Расстроила, конечно. Прожил он, действительно, никчемную, можно сказать, жизнь. Кого за это винить? Власть? Или время такое было тогда? Помнит он. После семилетки (а в деревне тогда только семилетка была), денег у родителей не было дальше его учить. Дальше уже, платно было в другой большой деревне. Затем, захотел механизатором стать, как все мужики в деревне. Но его там не приняли. «Шипко,– «говорили», это его слова,– грамотный…». В железках он ничего не смыслил, потому его даже близко не подпустили, как другим, посидеть, на тракторе, в училище. Отправили назад в деревню пасти лошадей.
– Я при них самый первейший начальник,– теперь хвастался он, обороняясь от ядов шуток местных юмористов.
В его словах, а и правда, явно выделялась грусть, вернее, стыд, что он такой неспособный, как другие его сверстники.

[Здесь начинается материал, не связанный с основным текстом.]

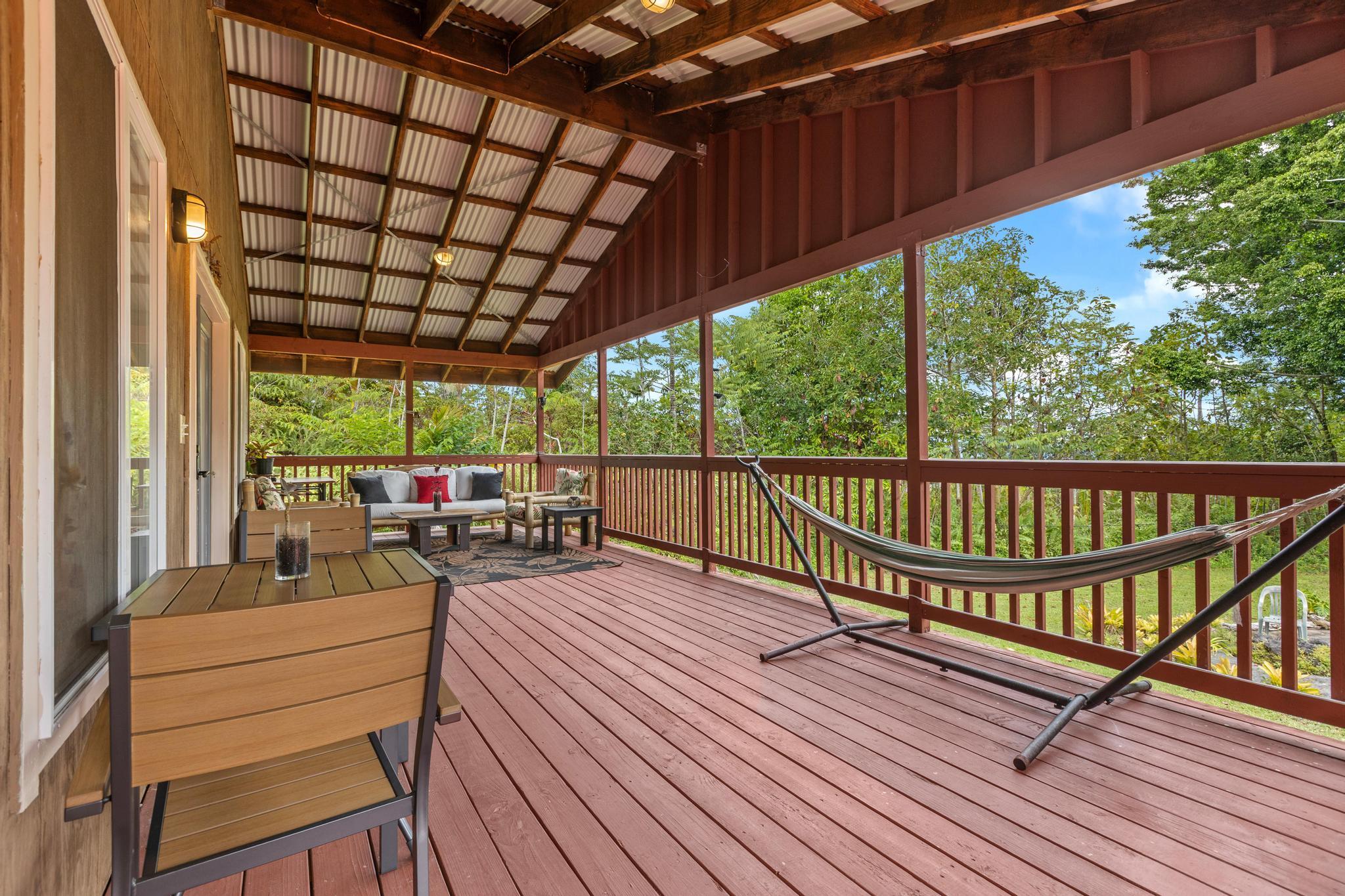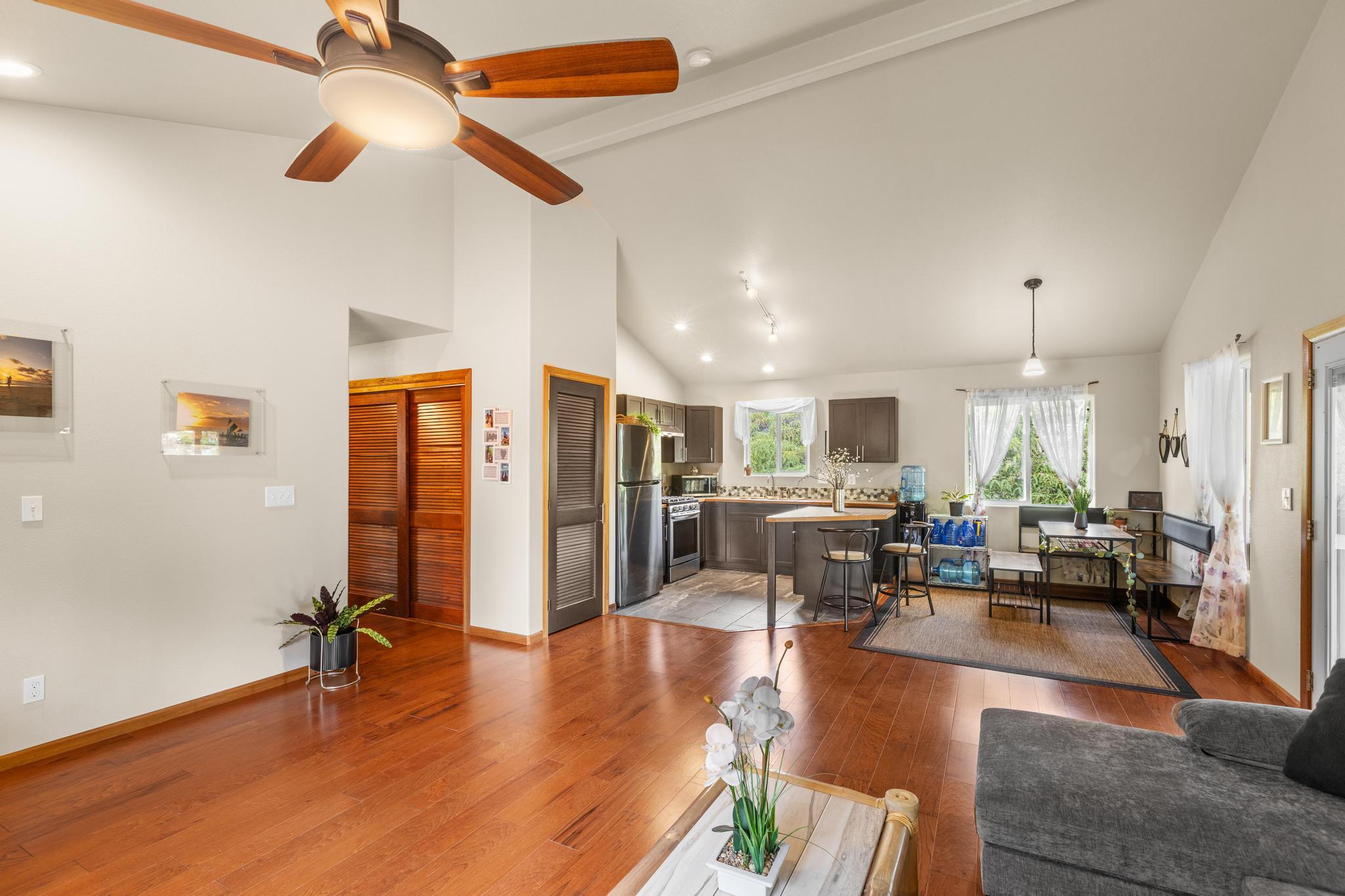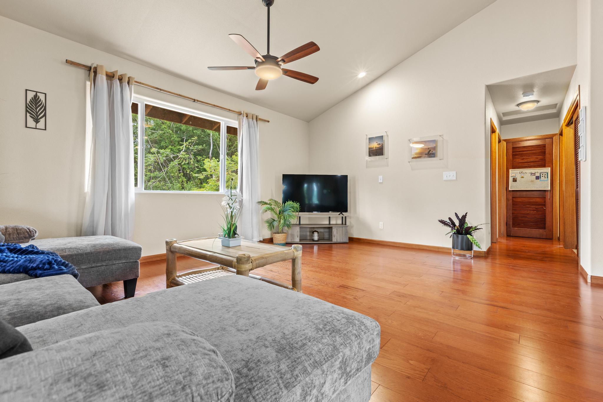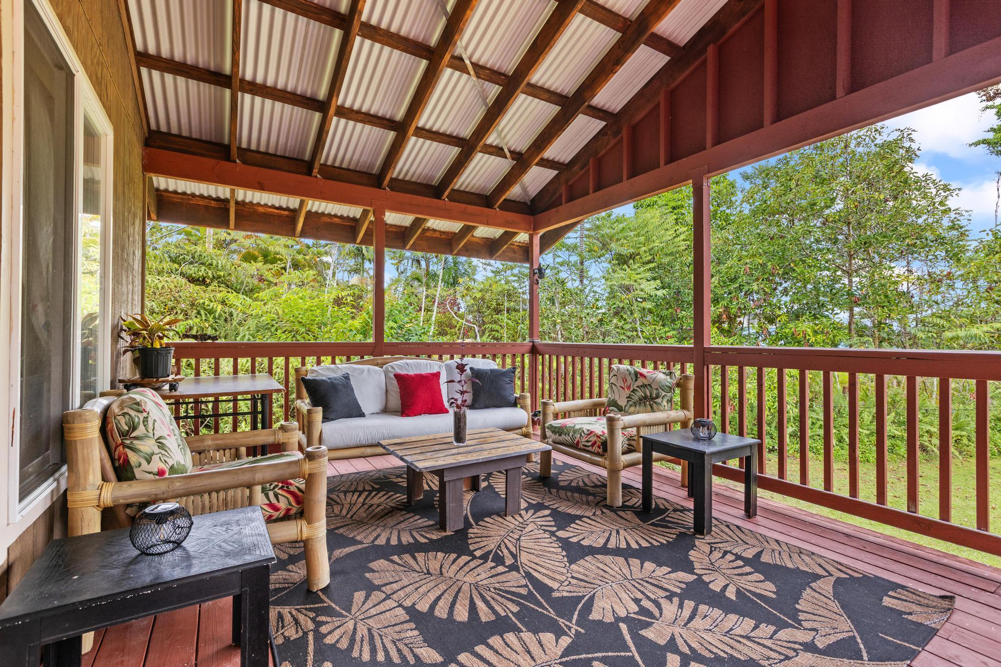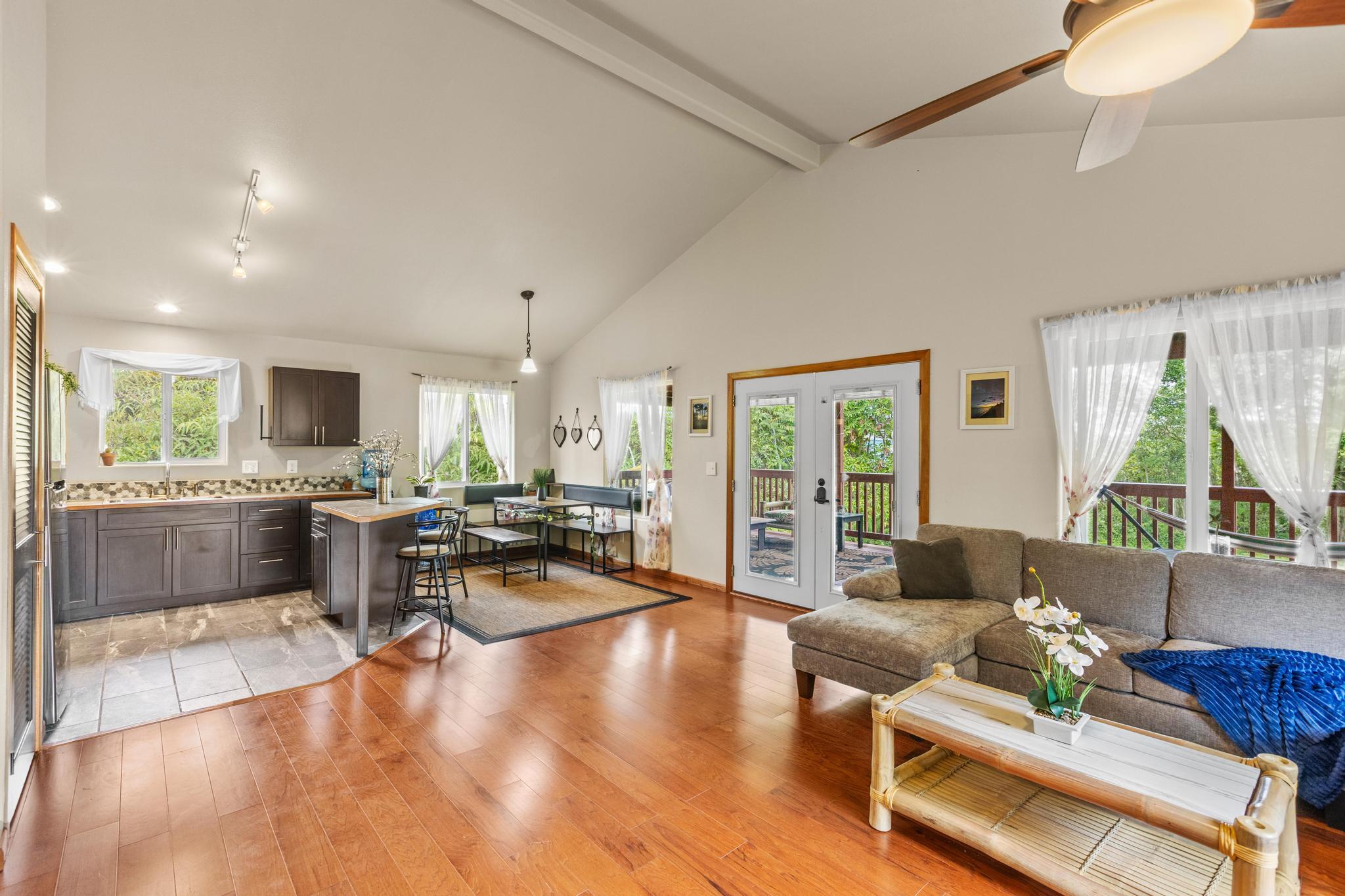 Built in 2017, this inviting 2-bedroom, 2-bathroom home sits on a SQUARE like shape acre in lush and beautiful subdivision. A spacious covered front lanai welcomes you with room for outdoor dining, lounging, and entertaining. Step inside through double French doors to a bright and cozy living area, featuring large picture windows that capture tropical garden views and gentle trade winds.

– Вот так они и живут,– вздыхает моя сестра. – Утром мерзавчик, вечером мерзавчик, пока на подворотнях ногу не сломают. Ладно, грустно это, оставим их. А то, что курю, жизнь, видимо, сегодня такая. Я в газете работаю. Журналистом стала, и сразу почувствовала себя второсортным человеком перед этими «элитными» властями, которые учат нас как писать. А о сегодняшней жизни, нельзя, говорят, тревожить понапрасну электорат. Вот и переняла отцовскую привычку, курить папироску. Успокаивает нервы. Семнадцати лет одна, как ты пропал. Устала на маму смотреть, как она, с утра до вечера, тебе письма пишет и складывает в сундук. Подурнела от этого, надоело, плюнула, уехала в этот город, Челябинск, надеясь встретить там тебя. Ты же сюда должен был приехать, братик? Ты где? Семья – то у тебя есть?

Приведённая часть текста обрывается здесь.